- Theatrical release poster
- Directed by: Anurag Basu
- Written by: Screenplay: Anurag Basu Dialogues in Rhyme: Amitabh Bhattacharya Anurag Basu Devesh Kapoor Samrat Chakraborty Debatma Mandal Dialogues: Samrat Chakraborty
- Story by: Anurag Basu
- Produced by: Siddharth Roy Kapur Anurag Basu Ranbir Kapoor
- Starring: Ranbir Kapoor Katrina Kaif Saswata Chatterjee Saurabh Shukla Sayani Gupta Ivan Sylvester Rodrigues
- Cinematography: Ravi Varman
- Edited by: Ajay Sharma
- Music by: Pritam
- Production companies: Walt Disney Pictures Picture Shuru Entertainment
- Distributed by: UTV Motion Pictures
- Release date: 14 July 2017;
- Running time: 162 minutes
- Country: India
- Language: Hindi
- Budget: ₹131 crore
- Box office: ₹86.85 crore

= Jagga Jasoos =

2017 Indian film by Anurag Basu

Jagga Jasoos is a 2017 Indian Hindi-language musical adventure comedy film written and directed by Anurag Basu, and produced by Siddharth Roy Kapur, Basu and Ranbir Kapoor.

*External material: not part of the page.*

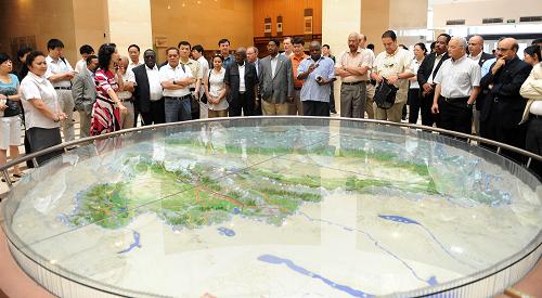 8月11日,講解員在向外國駐華使團代表介紹新疆基本情況。新華社記者 沙達提 攝

It stars Kapoor and Katrina Kaif, and tells the story of a teenage detective in search of his missing father. It was released on 14 July 2017 to mixed reviews from critics and was a box-office bomb, but bagged ten nominations at the 63rd Filmfare Awards, winning four of them for the film's music.

== Plot ==
The story of Jagga Jasoos revolves around the high-profile case of Purulia Arms Drop, which took place in 1995 allegedly to overthrow the then Communist Government of West Bengal, India. Jagga, a curious and shy young boy in a quaint little town lives a happy life with his accident-prone adoptive father, Badal Bagchi. Jagga, being self-conscious of his stammer, doesn't speak much. One day, Bagchi teaches him to "speak" in song. Sometime later, after admitting Jagga into a boarding school, Bagchi suddenly disappears. Feeling abandoned, Jagga's only contact with Bagchi is a VHS tape that he receives in the mail every year on his birthday. Armed with sharp detective skills, Jagga sets out to solve the mystery of his missing parent. Along the way, he finds a partner Shruti Sengupta, an accident-prone journalist with her own international criminal case to solve. Using a few tricks he learnt from Bagchi, Jagga, along with Shruti, embarks on a mission to uncover the details of his father's mysterious secret life and finds himself embroiled in a worldwide smuggling racket. The film later ends on a cliffhanger as it shows Jagga and his father on a cruise ship having been captured by the Two-Headed Bashir Alexander.

== Cast ==
- Ranbir Kapoor as Jagga Rana Bagchi
- Saravajeet Tiwari as Junior Jagga
- Katrina Kaif as Shruti Sengupta
- Saswata Chatterjee as Badal Bagchi, Jagga's guardian whom he calls TutiFuti.
- Kiran Srinivas as Akash, Shruti's boyfriend (photographic appearance)
- Chitrak Bandyopadhyay as Debu
- Sayani Gupta as Little girl
- Saurabh Shukla as Ex-IB Officer Kishan Pal Sinha
- Ivan Rodrigues as Ahuja, Mining Tycoon
- Rajatava Dutta as Inspector Ratikant Palit
- Denzil Smith as a terrorist
- Mir Sarwar as a shooter
- Bijou Thaangjam
- Nawazuddin Siddiqui in a cameo appearance as 2-Headed Bashir Alexander
- Anurag Basu in a cameo
- Amey Pandya in cameo

== Production ==
Filming took place in Cape Town, South Africa. Reports from Cape Town were that the real-world romance of Kapoor and Kaif was falling apart and occasional arguments between the two caused some delays and resulted in scenes not having the impact intended by Basu. By 20 March 2014, Basu had completed 20 days of filming with his leads and, being unhappy with initial efforts by Kapoor, intended to use the additional schedule time to re-shoot some scenes. Kapoor was simultaneously shooting for Anurag Kashyap's Bombay Velvet and Imtiaz Ali's Tamasha. Basu explained, "We've to shoot Jagga Jasoos during the gaps in the shooting of Bombay Velvet. We completed one schedule. Now we'll go into a lengthy schedule from August. By the end of the year the shooting would be complete."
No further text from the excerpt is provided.